Neighbor has one. They load it in the AM and maybe the evening. Well technically it was heating her house and mine as the previous owner was her sister. They removed the heat exchanger and added a propane furnace prior to selling. Depending on how much propane I burn this winter i may add a boiler using the existing water lines and heat exchanger. Best part is i have family taht does logs and firewood so i can get split hardwood cheap.
 
I had a relative with the outdoor wood burner, then know a few more with them. As with anything, a few negatives are mixed in. They require a fair amount more wood, higher installation cost, and need electricity to work. Of course no chimney & keeping the mess outside is a plus.

Access to ‘free’(besides labor) wood is a biggie when heating with wood.

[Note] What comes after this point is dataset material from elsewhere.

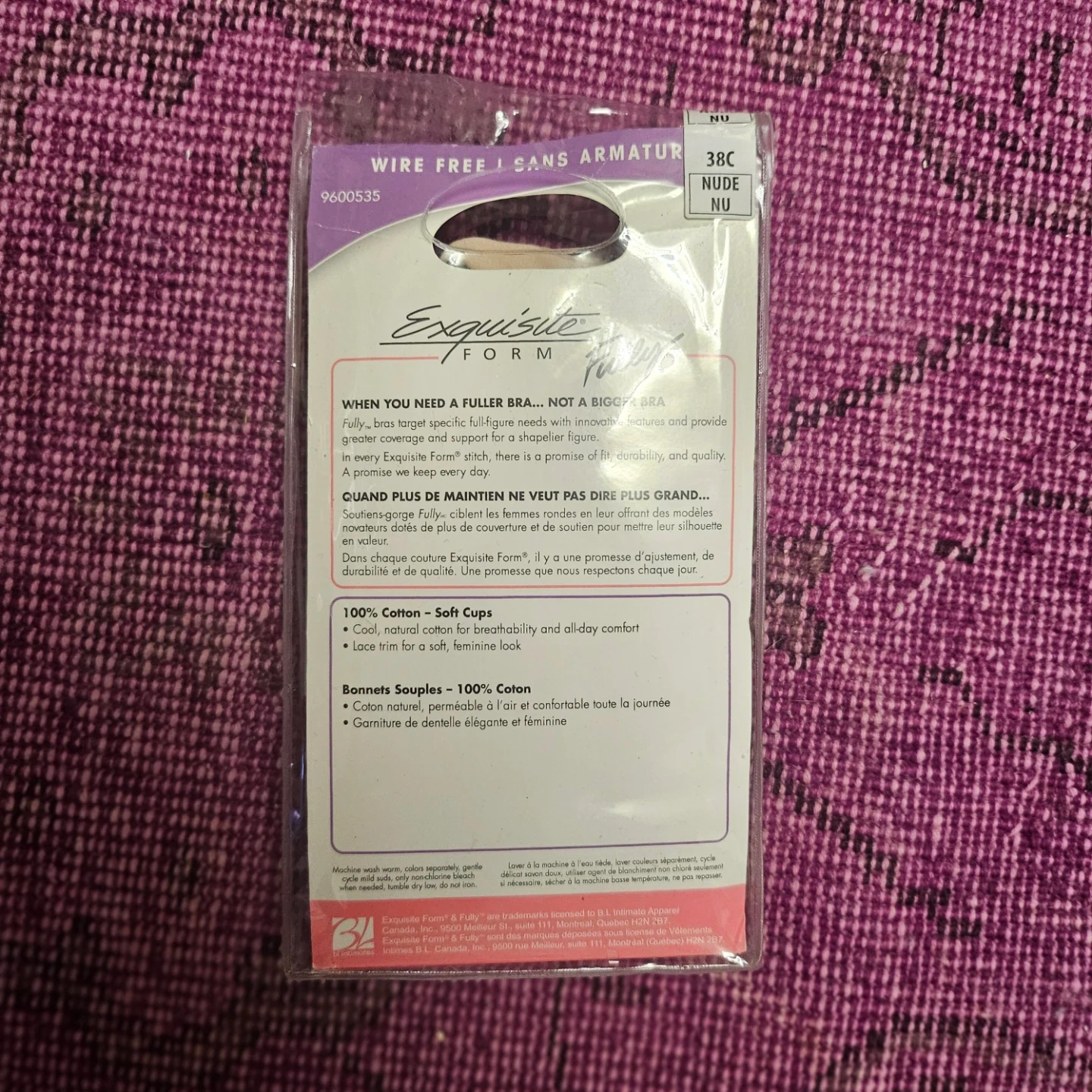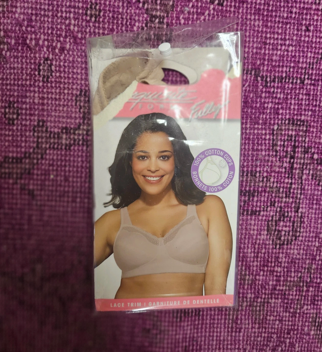 This Exquisite Form bra is designed for full figures with innovative features. It has 100% cotton soft cups and a lace trim for a feminine look. This bra offers great support and comfort.

I don’t mind emulating ‘Pa Ingalls’ somewhat.
 
A quick thanks to @RJM62 for the pointer to the Tractor Supply bricks. They made for a quick wood supply for the neglected woodstove when the boiler went out in my Uncle's empty house recently, kept pipe freezing at bay while we waited for parts.
 
We have both, wood and Natural gas, the wood is Idaho energy logs. (press-o-Logs)
 
In 1986 I moved to the boondocks with a King heater and a chainsaw. My kids were six and two at the time. My time was also at a premium, but i could selectively down a tree and have a pickup bed full of firewood in short order. Worked great for about ten years until one day someone made a comment to my wife that her hair smelled like wood smoke. After that the propane tank got filled much more often.